Work required.
Transcribe every line from the one containing "活动开始,负责人向同学们发放" to the end of the listing, exactly as written, and leave out the pictures.

Provided data.

══════════

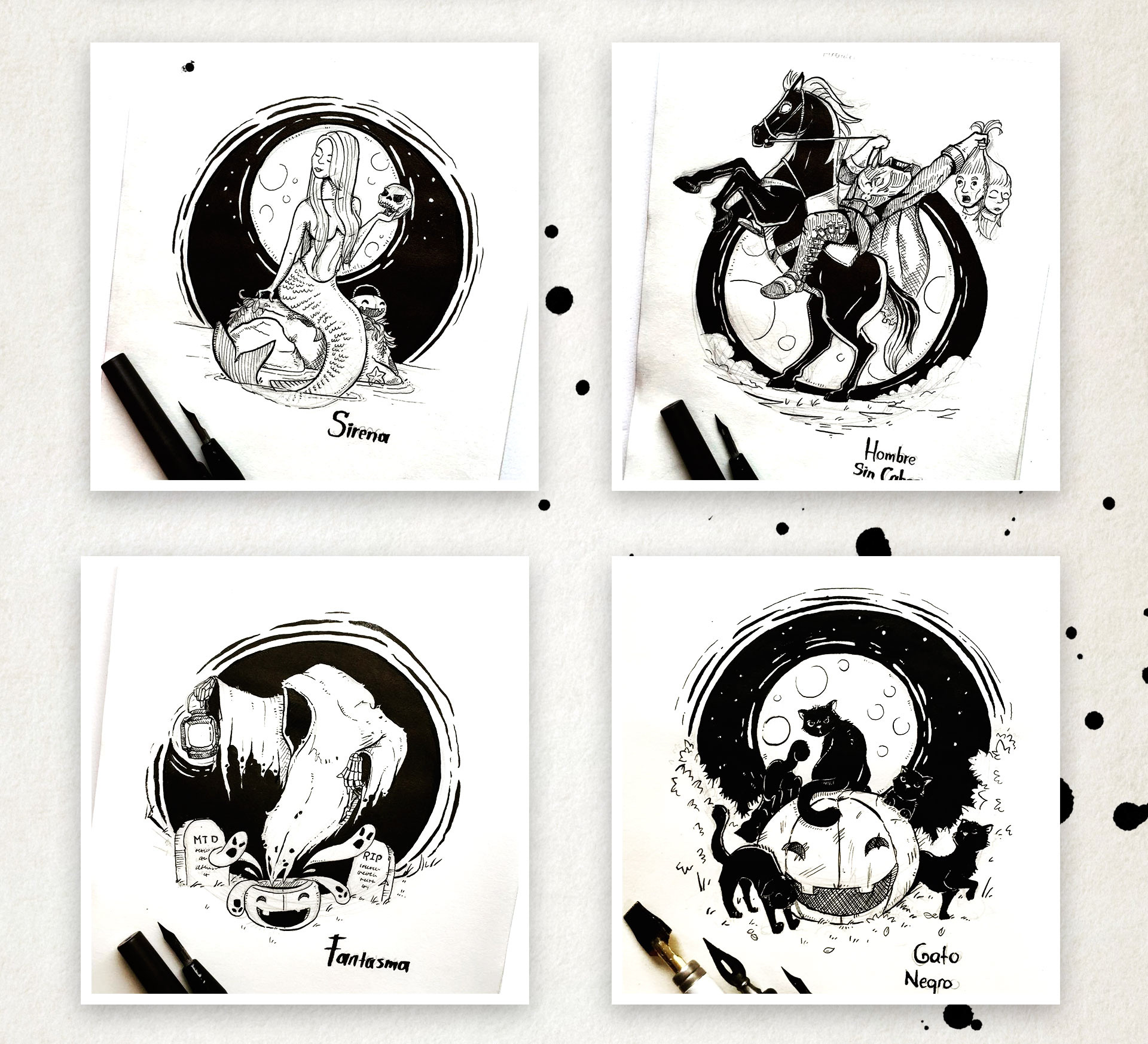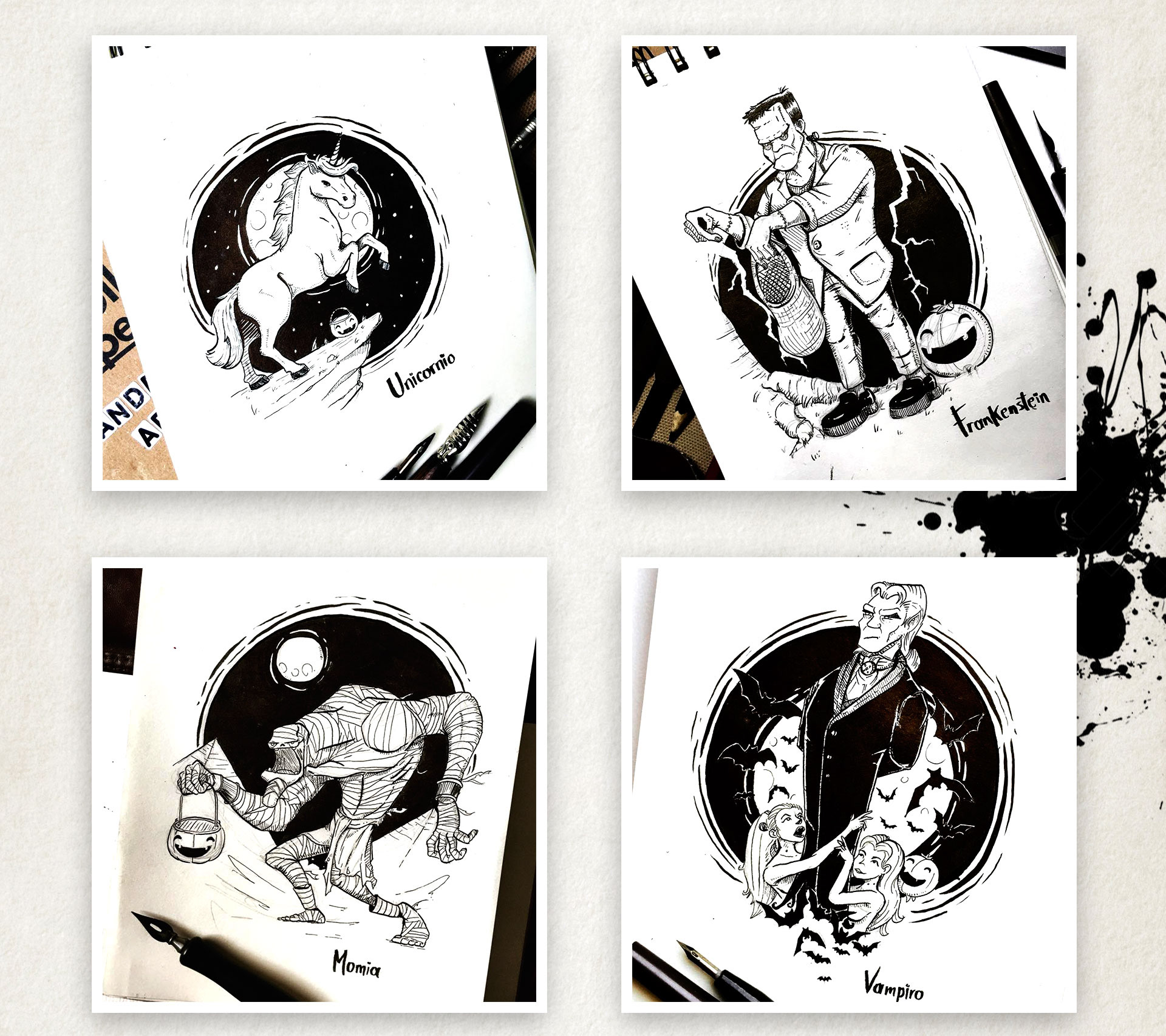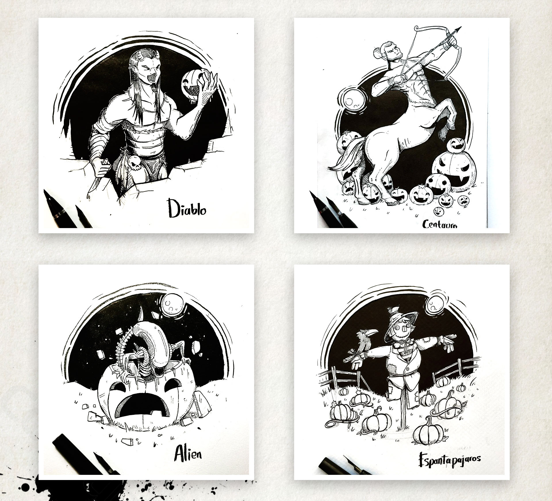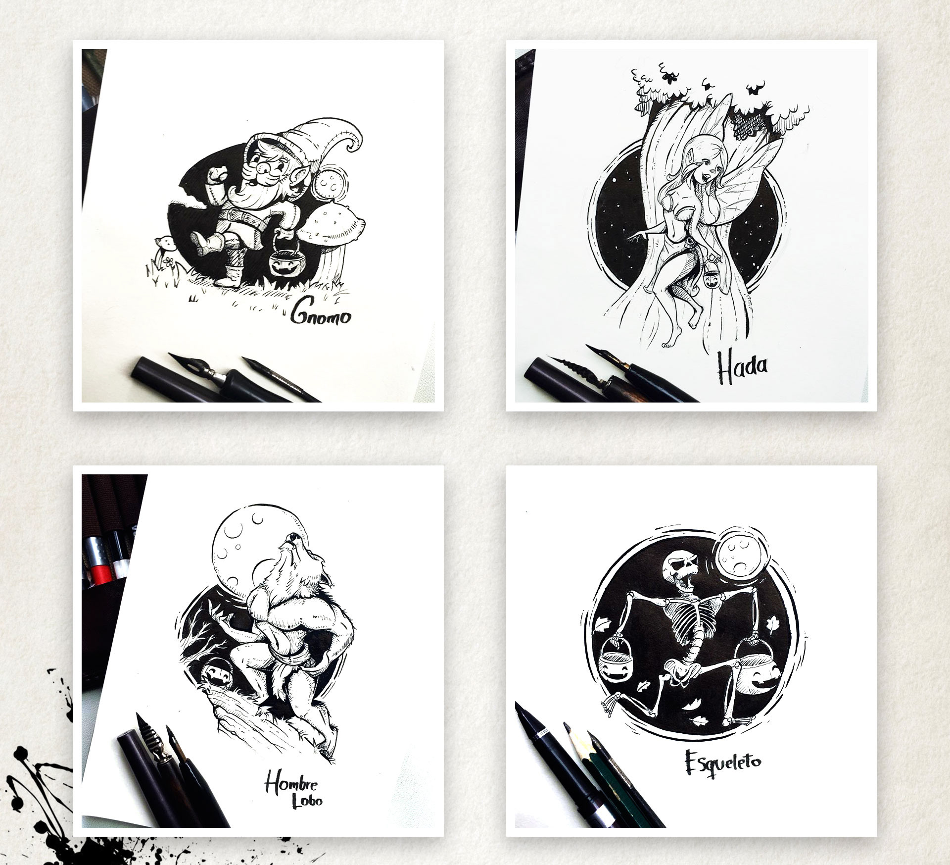 En Octubre de 2015 empecé con mi primer Inktober y para completarlo, diseñé una serie de diversos personajes, entre los cuales se pueden encontrar varios asociados a la mitología y a temas de fantasía. El listado de criaturas fue extraído del grupo de Facebook “The Big Draw Bogotá”, el cual recomendó el nombre de los 30 personajes para aquel mes.
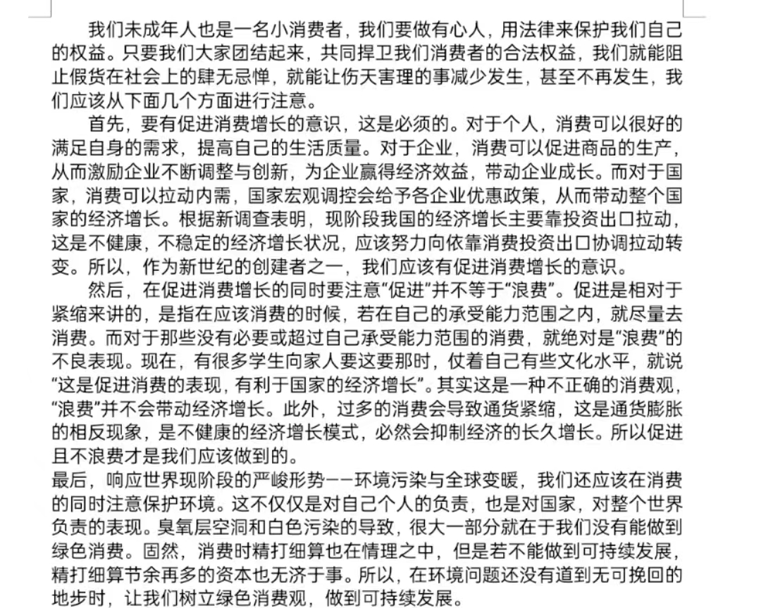 活动开始,负责人向同学们发放公告介绍了活动以增强老员工维权意识为目的所开展,讲述了3.15日消费者权益日的来历以及同学们上交征文的注意事项和评选标准。随后,同学们积极参与并准时准点上交了征文作品,各个征文作品都有独特见解,内容丰富多彩,事件跌宕起伏。其中有一篇讲述自己因维权知识缺失而使自己处于被动局面,利益受损,从自身经历谈起,情节充实,情感丰富,真正从社会生活中选取事件,感悟到维权意识的重要性,并且还提供了一定的维权建议,给人留下深刻印象,与读者产生共鸣,更好的鼓舞人们的维权行动,维护自己合法权益。活动在接近尾声时,负责人将作品的新颖性、生动性及与主题的符合程度进行评比。
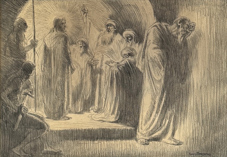 Tekening van Han van Meegeren (1889-1947), voorstellende Christus voor het Sanhedrin. Houtskool op papier, gesigneerd rechtsonder, ingelijst met passe-partout. Eerste helft 20e eeuw.
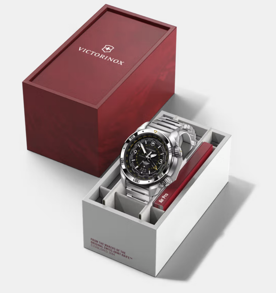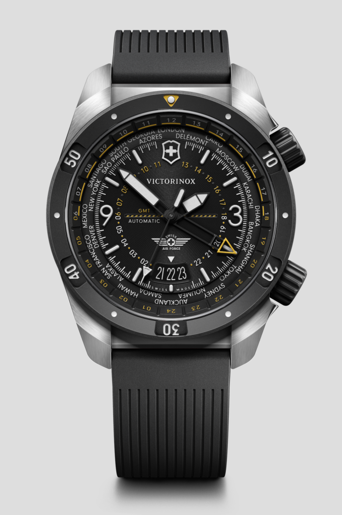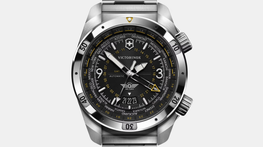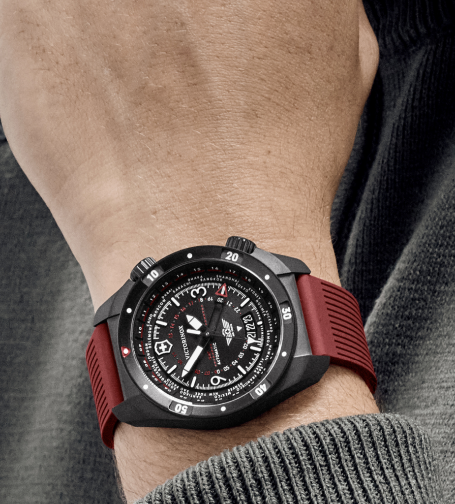 Victorinox Air Pro GMT Automatic, une montre de voyage idéale qui illustre l’engagement de la marque envers un savoir-faire d’exception et un design suisse raffiné. La nouvelle collection Air Pro est conçue pour les professionnels qui jonglent avec aisance entre travail et voyages, grâce à des fonctionnalités pensées pour faciliter leur mobilité moderne.

══════════

Response to this exercise.
 活动开始,负责人向同学们发放公告介绍了活动以增强老员工维权意识为目的所开展,讲述了3.15日消费者权益日的来历以及同学们上交征文的注意事项和评选标准。随后,同学们积极参与并准时准点上交了征文作品,各个征文作品都有独特见解,内容丰富多彩,事件跌宕起伏。其中有一篇讲述自己因维权知识缺失而使自己处于被动局面,利益受损,从自身经历谈起,情节充实,情感丰富,真正从社会生活中选取事件,感悟到维权意识的重要性,并且还提供了一定的维权建议,给人留下深刻印象,与读者产生共鸣,更好的鼓舞人们的维权行动,维护自己合法权益。活动在接近尾声时,负责人将作品的新颖性、生动性及与主题的符合程度进行评比。
 Tekening van Han van Meegeren (1889-1947), voorstellende Christus voor het Sanhedrin. Houtskool op papier, gesigneerd rechtsonder, ingelijst met passe-partout. Eerste helft 20e eeuw.
 Victorinox Air Pro GMT Automatic, une montre de voyage idéale qui illustre l’engagement de la marque envers un savoir-faire d’exception et un design suisse raffiné. La nouvelle collection Air Pro est conçue pour les professionnels qui jonglent avec aisance entre travail et voyages, grâce à des fonctionnalités pensées pour faciliter leur mobilité moderne.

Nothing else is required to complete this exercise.